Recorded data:
● ● ● ● ● ● ●

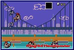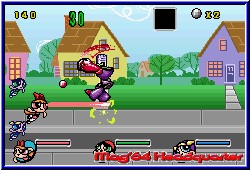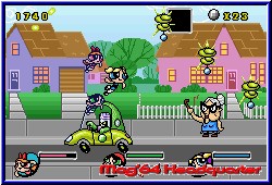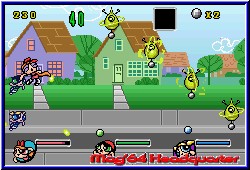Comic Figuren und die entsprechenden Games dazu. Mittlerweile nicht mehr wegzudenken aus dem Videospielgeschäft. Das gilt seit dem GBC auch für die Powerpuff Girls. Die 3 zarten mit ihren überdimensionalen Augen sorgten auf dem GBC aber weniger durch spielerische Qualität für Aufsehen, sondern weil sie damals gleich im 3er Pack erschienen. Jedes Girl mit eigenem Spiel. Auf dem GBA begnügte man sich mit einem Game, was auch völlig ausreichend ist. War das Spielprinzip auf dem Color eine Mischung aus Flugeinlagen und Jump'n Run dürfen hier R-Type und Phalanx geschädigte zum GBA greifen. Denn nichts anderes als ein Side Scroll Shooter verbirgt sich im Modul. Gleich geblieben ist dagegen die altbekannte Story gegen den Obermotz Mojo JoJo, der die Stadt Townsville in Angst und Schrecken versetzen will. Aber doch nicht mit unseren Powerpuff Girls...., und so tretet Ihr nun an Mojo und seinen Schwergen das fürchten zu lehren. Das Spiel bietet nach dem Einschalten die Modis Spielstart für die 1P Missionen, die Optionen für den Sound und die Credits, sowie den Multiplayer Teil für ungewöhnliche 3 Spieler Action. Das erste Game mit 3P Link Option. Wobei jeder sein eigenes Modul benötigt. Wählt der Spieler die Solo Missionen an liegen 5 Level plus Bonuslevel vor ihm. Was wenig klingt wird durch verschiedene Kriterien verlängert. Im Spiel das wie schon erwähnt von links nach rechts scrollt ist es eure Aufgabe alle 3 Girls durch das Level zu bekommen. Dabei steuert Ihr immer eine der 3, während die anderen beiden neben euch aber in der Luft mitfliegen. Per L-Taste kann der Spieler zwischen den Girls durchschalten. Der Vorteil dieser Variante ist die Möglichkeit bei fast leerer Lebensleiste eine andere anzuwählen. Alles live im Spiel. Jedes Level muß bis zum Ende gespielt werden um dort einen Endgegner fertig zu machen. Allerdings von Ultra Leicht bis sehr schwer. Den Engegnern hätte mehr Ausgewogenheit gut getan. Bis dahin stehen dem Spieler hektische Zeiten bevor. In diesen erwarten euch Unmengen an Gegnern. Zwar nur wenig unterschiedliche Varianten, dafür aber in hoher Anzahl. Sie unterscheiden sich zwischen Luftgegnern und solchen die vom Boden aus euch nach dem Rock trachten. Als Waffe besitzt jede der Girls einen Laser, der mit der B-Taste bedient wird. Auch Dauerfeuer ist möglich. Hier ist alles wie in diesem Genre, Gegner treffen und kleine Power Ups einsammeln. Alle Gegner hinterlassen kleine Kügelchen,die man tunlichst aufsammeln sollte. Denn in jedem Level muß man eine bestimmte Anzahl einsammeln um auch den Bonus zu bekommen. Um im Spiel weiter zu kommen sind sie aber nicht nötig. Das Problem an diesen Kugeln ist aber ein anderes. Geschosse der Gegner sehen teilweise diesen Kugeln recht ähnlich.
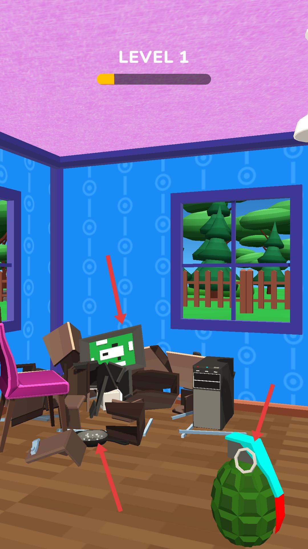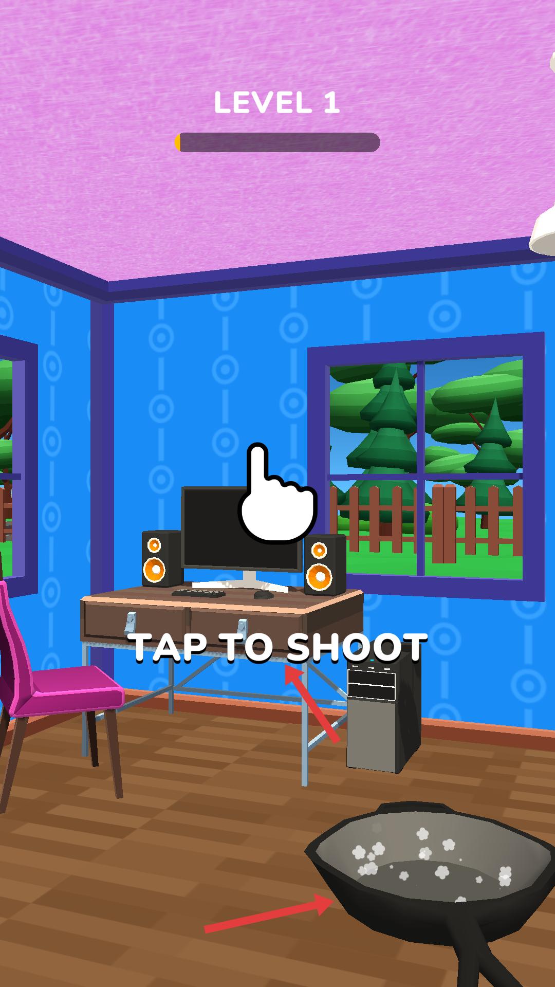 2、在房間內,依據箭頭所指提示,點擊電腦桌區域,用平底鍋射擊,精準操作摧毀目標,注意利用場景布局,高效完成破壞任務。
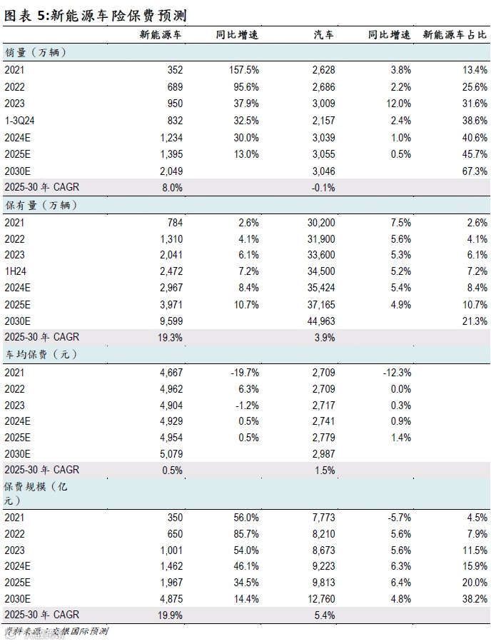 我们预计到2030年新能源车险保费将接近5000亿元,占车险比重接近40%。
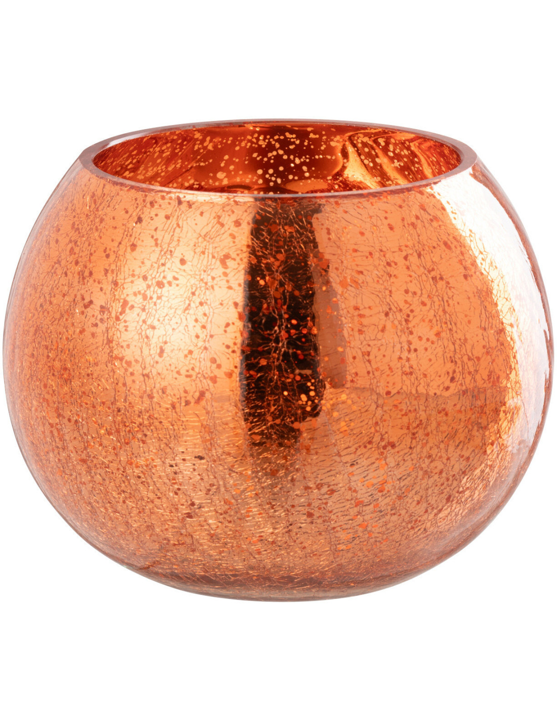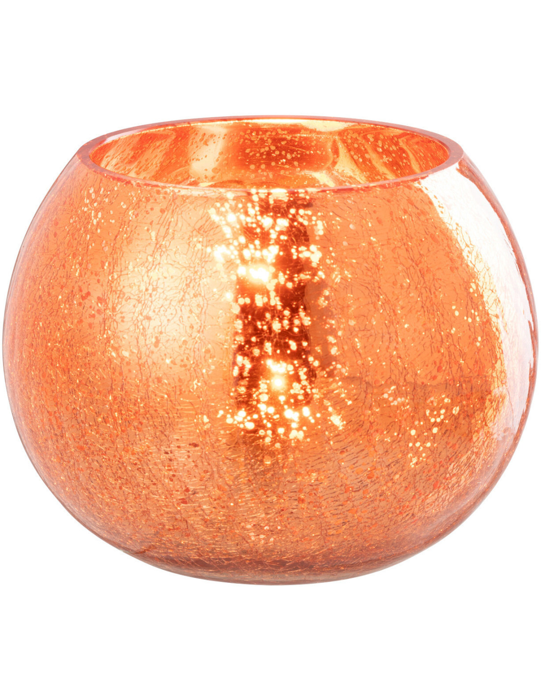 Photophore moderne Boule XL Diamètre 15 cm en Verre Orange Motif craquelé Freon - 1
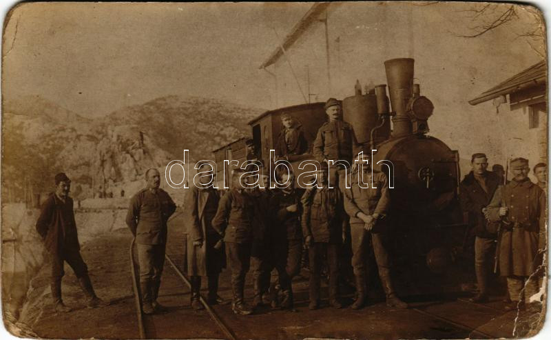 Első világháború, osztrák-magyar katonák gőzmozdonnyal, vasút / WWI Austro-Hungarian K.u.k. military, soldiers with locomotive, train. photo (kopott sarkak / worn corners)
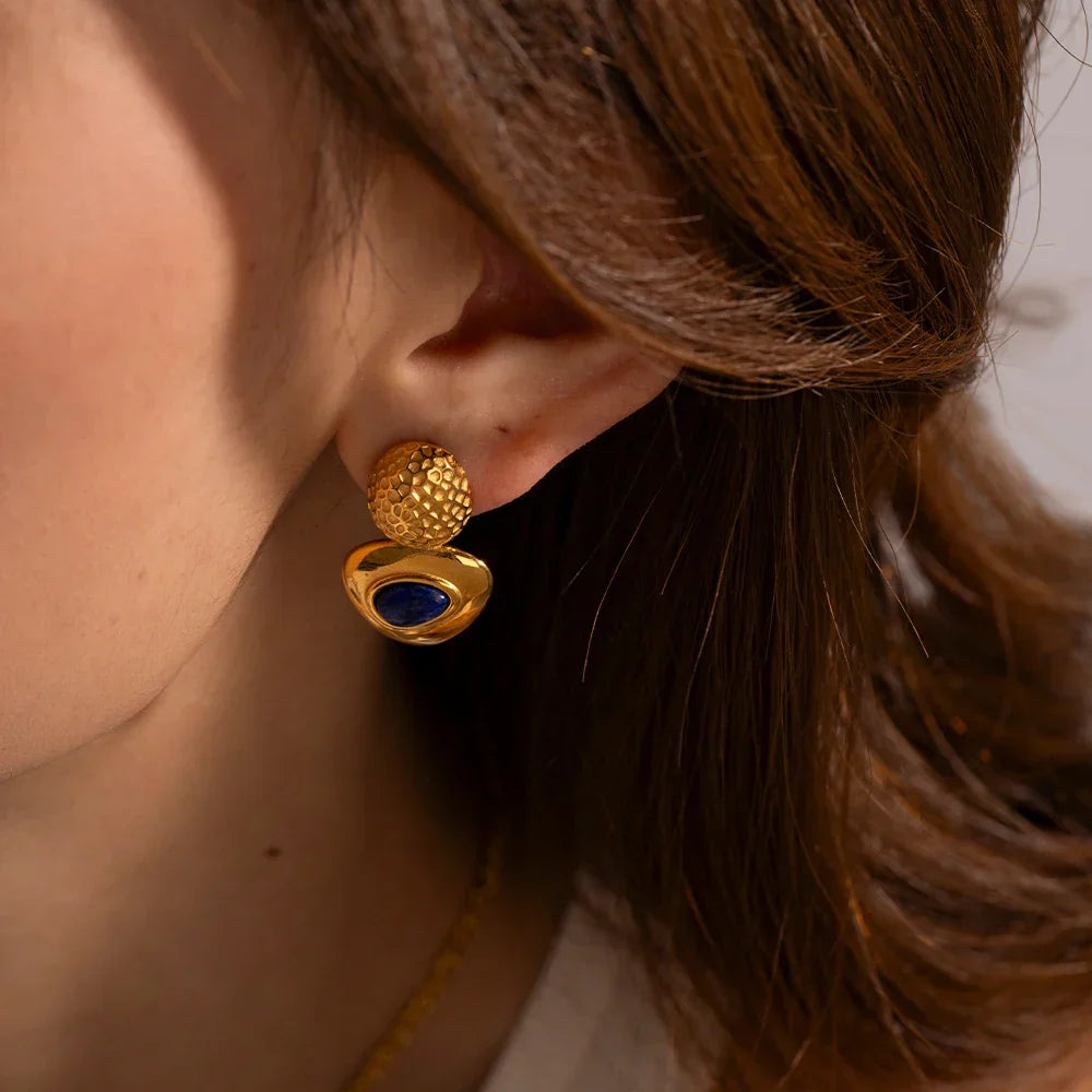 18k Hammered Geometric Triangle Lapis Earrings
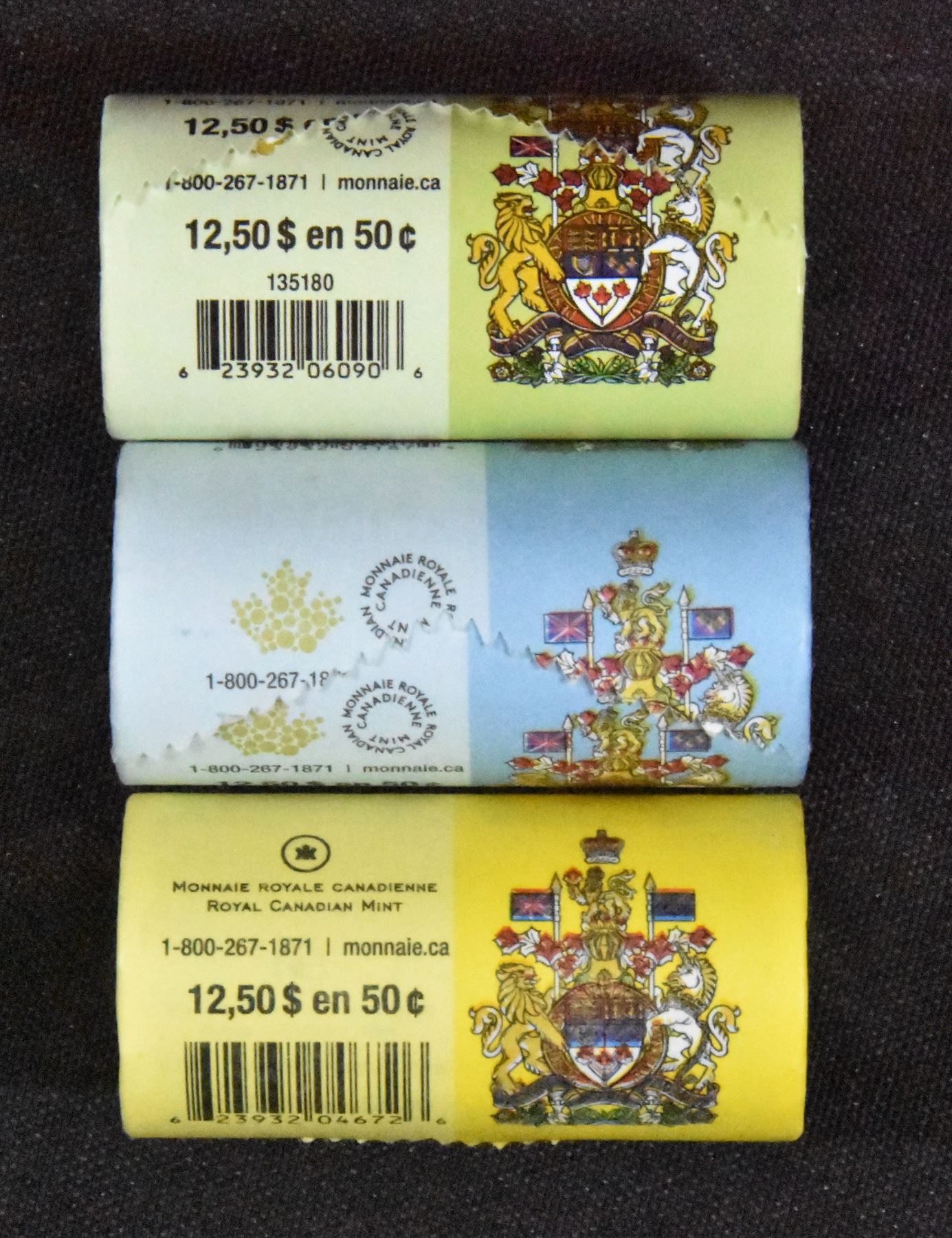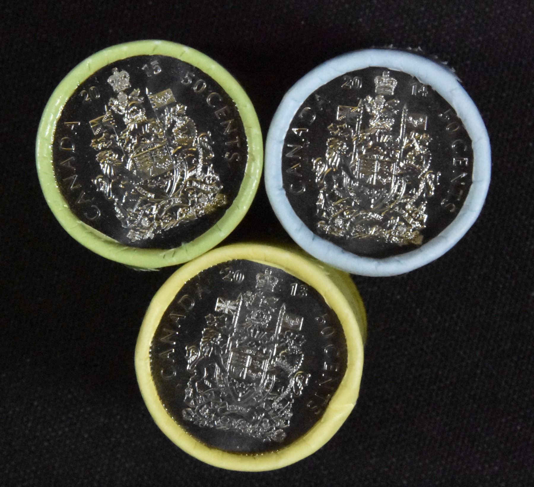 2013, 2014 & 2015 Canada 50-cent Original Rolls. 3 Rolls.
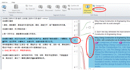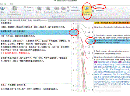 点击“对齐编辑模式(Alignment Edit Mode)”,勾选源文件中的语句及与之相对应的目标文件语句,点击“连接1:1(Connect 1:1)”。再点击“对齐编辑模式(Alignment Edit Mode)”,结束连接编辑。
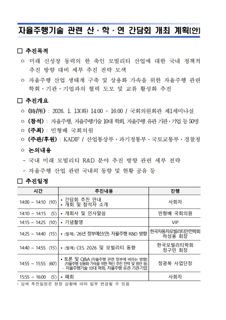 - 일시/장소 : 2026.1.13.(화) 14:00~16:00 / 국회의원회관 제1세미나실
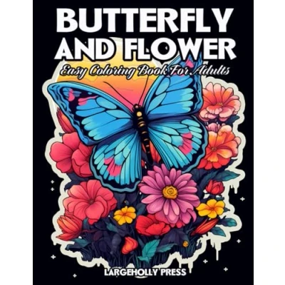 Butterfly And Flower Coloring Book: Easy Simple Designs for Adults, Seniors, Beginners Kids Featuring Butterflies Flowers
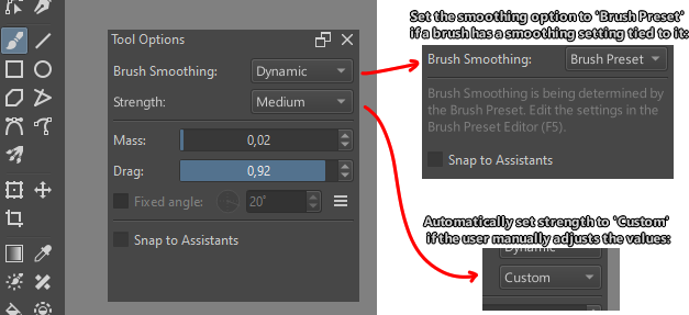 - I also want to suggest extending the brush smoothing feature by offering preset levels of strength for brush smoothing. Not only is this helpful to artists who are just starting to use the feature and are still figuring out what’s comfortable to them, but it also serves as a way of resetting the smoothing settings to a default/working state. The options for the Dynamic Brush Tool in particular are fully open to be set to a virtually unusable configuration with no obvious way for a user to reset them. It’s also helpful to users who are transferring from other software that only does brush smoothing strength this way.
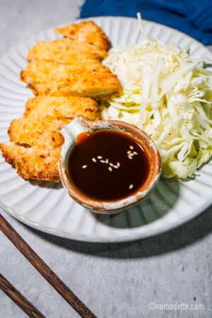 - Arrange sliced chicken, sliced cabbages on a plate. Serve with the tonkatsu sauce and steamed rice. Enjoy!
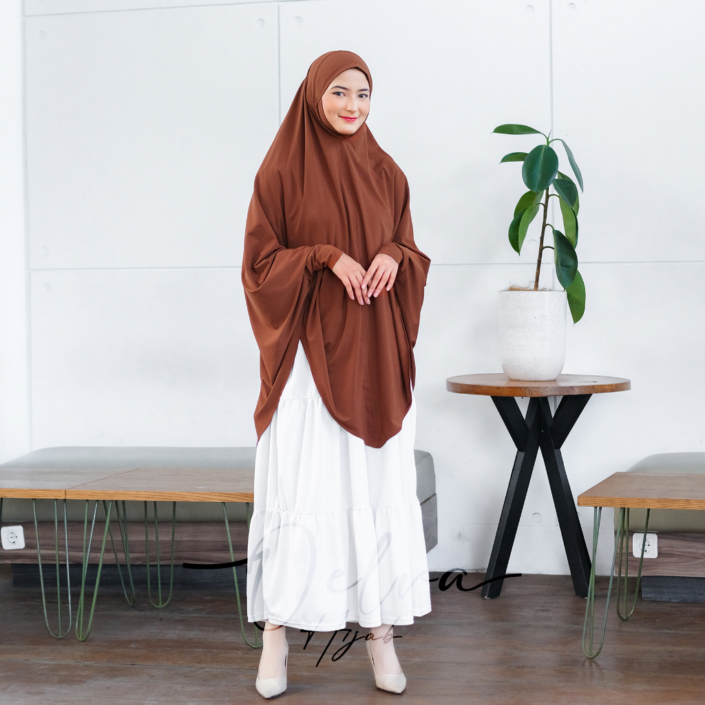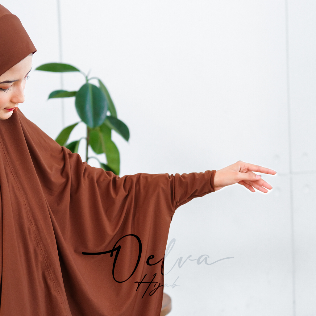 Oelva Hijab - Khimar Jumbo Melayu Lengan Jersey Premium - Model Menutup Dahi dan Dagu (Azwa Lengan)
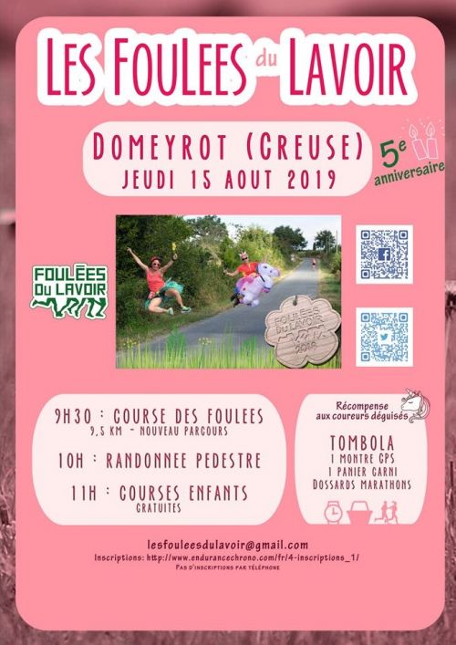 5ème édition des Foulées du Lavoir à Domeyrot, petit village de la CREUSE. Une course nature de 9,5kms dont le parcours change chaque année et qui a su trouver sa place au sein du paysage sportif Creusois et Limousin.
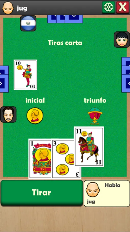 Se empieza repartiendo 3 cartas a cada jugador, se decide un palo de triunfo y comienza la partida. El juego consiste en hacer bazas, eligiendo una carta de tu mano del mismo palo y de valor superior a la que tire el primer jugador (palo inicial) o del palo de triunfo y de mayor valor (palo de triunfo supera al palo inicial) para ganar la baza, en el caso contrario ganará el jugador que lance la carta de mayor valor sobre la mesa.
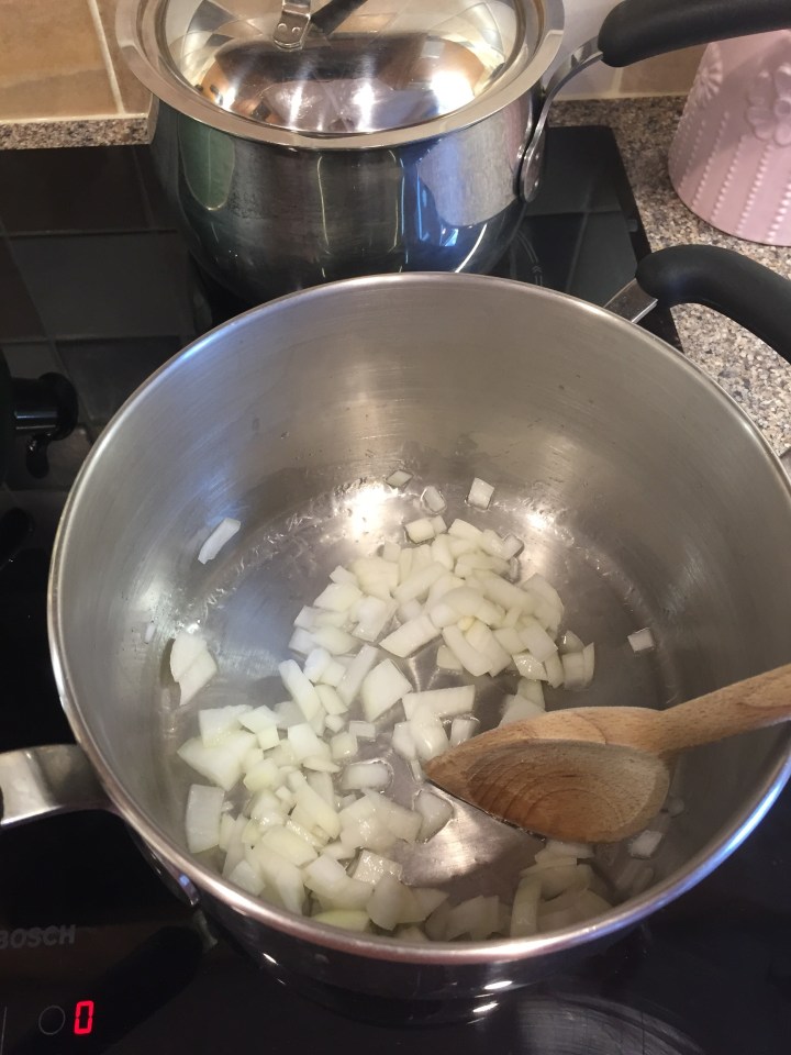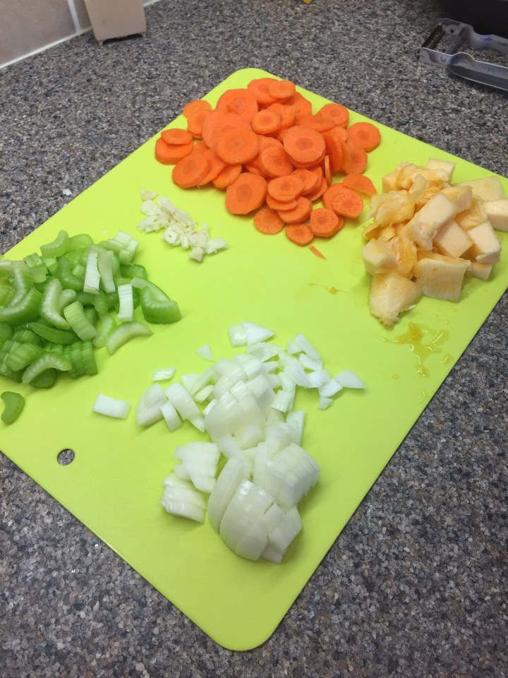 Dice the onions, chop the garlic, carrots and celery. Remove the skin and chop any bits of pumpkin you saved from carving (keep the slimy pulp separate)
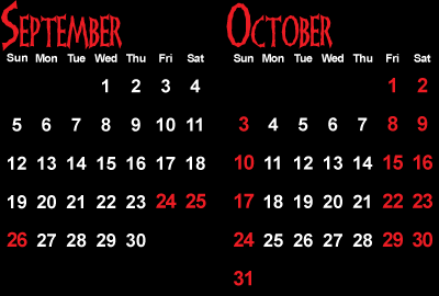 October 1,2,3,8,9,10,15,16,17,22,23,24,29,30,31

● ● ● ● ● ● ●

What is being asked: From the records above, give again only the part that opens with the line containing "我们预计到2030年新能源车险保费将接近5000亿元,占车险比重接近40%。" and closes with the line containing "5ème édition des". Keep both ends but drop the pictures.

Answer space:
 我们预计到2030年新能源车险保费将接近5000亿元,占车险比重接近40%。
 Photophore moderne Boule XL Diamètre 15 cm en Verre Orange Motif craquelé Freon - 1
 Első világháború, osztrák-magyar katonák gőzmozdonnyal, vasút / WWI Austro-Hungarian K.u.k. military, soldiers with locomotive, train. photo (kopott sarkak / worn corners)
 18k Hammered Geometric Triangle Lapis Earrings
 2013, 2014 & 2015 Canada 50-cent Original Rolls. 3 Rolls.
 点击“对齐编辑模式(Alignment Edit Mode)”,勾选源文件中的语句及与之相对应的目标文件语句,点击“连接1:1(Connect 1:1)”。再点击“对齐编辑模式(Alignment Edit Mode)”,结束连接编辑。
 - 일시/장소 : 2026.1.13.(화) 14:00~16:00 / 국회의원회관 제1세미나실
 Butterfly And Flower Coloring Book: Easy Simple Designs for Adults, Seniors, Beginners Kids Featuring Butterflies Flowers
 - I also want to suggest extending the brush smoothing feature by offering preset levels of strength for brush smoothing. Not only is this helpful to artists who are just starting to use the feature and are still figuring out what’s comfortable to them, but it also serves as a way of resetting the smoothing settings to a default/working state. The options for the Dynamic Brush Tool in particular are fully open to be set to a virtually unusable configuration with no obvious way for a user to reset them. It’s also helpful to users who are transferring from other software that only does brush smoothing strength this way.
 - Arrange sliced chicken, sliced cabbages on a plate. Serve with the tonkatsu sauce and steamed rice. Enjoy!
 Oelva Hijab - Khimar Jumbo Melayu Lengan Jersey Premium - Model Menutup Dahi dan Dagu (Azwa Lengan)
 5ème édition des Foulées du Lavoir à Domeyrot, petit village de la CREUSE. Une course nature de 9,5kms dont le parcours change chaque année et qui a su trouver sa place au sein du paysage sportif Creusois et Limousin.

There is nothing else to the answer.